Introduction

Waxy maize, i.e., sticky maize (Zea mays L. sinensis Kulesh), was originally found in China, where it was produced before 1760 (Zeng 1987). Collins (1909) was the first to describe the characteristics of waxy maize. The endosperm of waxy maize is dark, smooth, and waxy, hence the name ‘waxy endosperm’, and contains 95–100 % amylopectin (Andrés and Bascialli 1941; Sprague et al. 1943), which is derived from an endosperm mutation caused by genetic drift (Sprague 1939; Stonor and Anderson 1949; Mangelsdorf 1924, 1974; Andrés and Bascialli 1941; Breggar 1928). The recessive single gene mutation wx is responsible for the formation of waxy endosperm in maize grains, while the dominant gene Wx controls the formation of normal endosperm. The Wx locus is located on the short arm of chromosome 9 (Collins 1909; Kempton 1919). The Wx gene encodes an NPD-glucose-starch glucosyltransferase, which is responsible for the biosynthesis of amylose (Nelson 1962; Echt and Schwartz 1981). NPD-glucose-starch glucosyltransferase bound to the starch grains of the recessive wxwx genotype has very low activity; therefore, its endosperm has a very low content of amylose (Nelson 1962). The Wx gene has been cloned and sequenced—it contains 3,718 base pairs and comprises 14 exons and 13 introns (Klösgen et al. 1986)—enabling the study and use of the Wx gene, such as in the development of internal markers of the gene for marker-assisted selection (MAS). The website MaizeGDB has published three simple sequence repeat (SSR) markers for the detection of the Wx gene: phi022, phi027 and phi061.

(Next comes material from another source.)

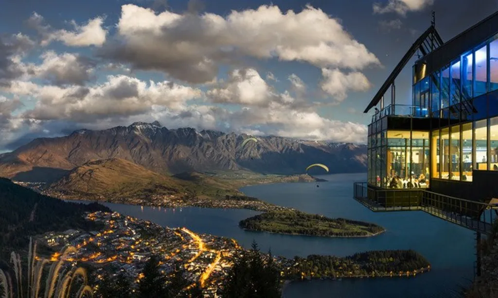 Taking the Sky Gondola + overlooking Bob Peak is the first choice for many tourist projects in Queenstown. Bob Peak is on the north side of Queenstown, and the Sky Gondola is on the south slope of Bob Peak. The lower station of the cable car is 340 meters above sea level and is located on the north side of the commercial district in the center of Queenstown; the upper station is 790 meters above sea level and is located in an open area on the south slope close to the top of the mountain: the track elevation is 37.1º, which is the steepest cable car track in the Southern Hemisphere. Walk north from Leith Street for 10 minutes, climb the 30-meter-high white Bob steps, and you will arrive at the lower station of the cable car. Sit in the spacious and bright 4-seater cabin. As the height and perspective change, the scenery gradually moves away and the scenery becomes more and more beautiful. After 8 minutes of comfortable and smooth operation, you will arrive at the upper station of the cable car. The upper station of the cable car is connected to the Sky Gondola Restaurant. On the outer edge of the second floor of the restaurant, there is an L-shaped sightseeing corridor and several protruding viewing platforms. Standing on the viewing corridor and viewing platform, you can enjoy the beautiful scenery of Lake Wakatipu and Queenstown from 270°. Looking south, you can see beautiful scenery from far to near. In the distance, the Remarkable Mountains are undulating and majestic. In the near distance, the roads in Queenstown are crisscrossed and the roofs are lined up. At the junction of the near and far, the two peninsulas (Queenstown Golf Course and Queenstown Gardens) and the two bays (Queenstown Bay and Frankton Bay) on the surface of Lake Wakatipu are clearly visible. The sparkling lake, the green peninsula, and the winding and elegant coastline constitute the most beautiful picture of Queenstown and Lake Wakatipu. The photos taken are representative works of New Zealand's beautiful scenery.

Because of its high amylopectin content and stickiness, sticky maize has been widely used in food, animal feed and food processing. However, sticky maize has low lysine content. Yang et al. (2005) developed a novel high-lysine mutation, which had opaque endosperm and was named opaque-16 (o16). The mutant line had a lysine content of 0.36 %. The o16 gene is located on the long arm of chromosome 8 and is within 5 cM of the molecular marker umc1141. The effect of pyramiding the o16 gene and the opaque-2 (o2) gene was studied and the results showed that pyramid lines generally had higher lysine content in their grains than their parents. Zhang et al. (2010) introduced the o16 gene into an o2 line using backcrossing and obtained lines with higher lysine content.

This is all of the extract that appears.